Alright Gaf what ye think about this, A girl ive gone on a date with that went really well IMO were talking two days ago and i told her i owed her a drink. She told me that she knew that and wanted me to get her a drink some night. so yesterday i asked when she wanted me to buy her that drink and never heard back. Now i am not taking this too serious so i don't feel like im overreacting yet i feel like i have no idea what to do. Should i hit her up again today or wait for her to get my message and hit me back? A little background we went out a week ago tomorrow.
 
Alright Gaf what ye think about this, A girl ive gone on a date with that went really well IMO were talking two days ago and i told her i owed her a drink. She told me that she knew that and wanted me to get her a drink some night. so yesterday i asked when she wanted me to buy her that drink and never heard back. Now i am not taking this too serious so i don't feel like im overreacting yet i feel like i have no idea what to do. Should i hit her up again today or wait for her to get my message and hit me back? A little background we went out a week ago tomorrow.

Leave it alone for now, and see how she reacts.
 
Alright Gaf what ye think about this, A girl ive gone on a date with that went really well IMO were talking two days ago and i told her i owed her a drink. She told me that she knew that and wanted me to get her a drink some night. so yesterday i asked when she wanted me to buy her that drink and never heard back. Now i am not taking this too serious so i don't feel like im overreacting yet i feel like i have no idea what to do. Should i hit her up again today or wait for her to get my message and hit me back? A little background we went out a week ago tomorrow.

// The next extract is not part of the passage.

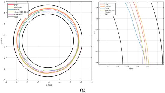Next, to evaluate the stability of the RL results, the center line corresponding to the Gazebo map is applied as a reference. The path generated by each algorithm is shown in Figure 9a. Moreover, Table 5 shows the results obtained by comparing the algorithms in terms of the RMSE, as defined in Equation (16). The RMSE for guide-ODG-DQN is 0.04, corresponding to the highest stability. The guide-ODG-DQN achieves the lowest RMSE, corresponding to the highest stability, as shown in Figure 9c.

For the love of god wait. I don't think you should have texted about going out the day after you talked about it.....you need to lay low.
 
Try again if you feel compelled. I had a similar situation happen...didn't end well. I tried only once. Didn't get a reply so I moved on.
 
Left my business card on a girl's car I saw park near me in our parking lot at work this morning. Our company is pretty big (5000 people).
You might not know her, but what are the odds you and she know someone in common in the company? I'm not criticizing you here, I'm just idly wondering.
 
Have you ever met a girl who thought that being a mean to you would get you to like her?
You mean outside of elementary school? :P

More serious answer: No, but I've been on a date (well, in his mind) with a guy who thought that "I was so surprised that was you in that picture! You actually looked pretty!" was some form of compliment.

There's a definite difference between flirting and teasing, which can be really fun, and being mean, which is the opposite of fun. Some people have no idea how to toe that line though.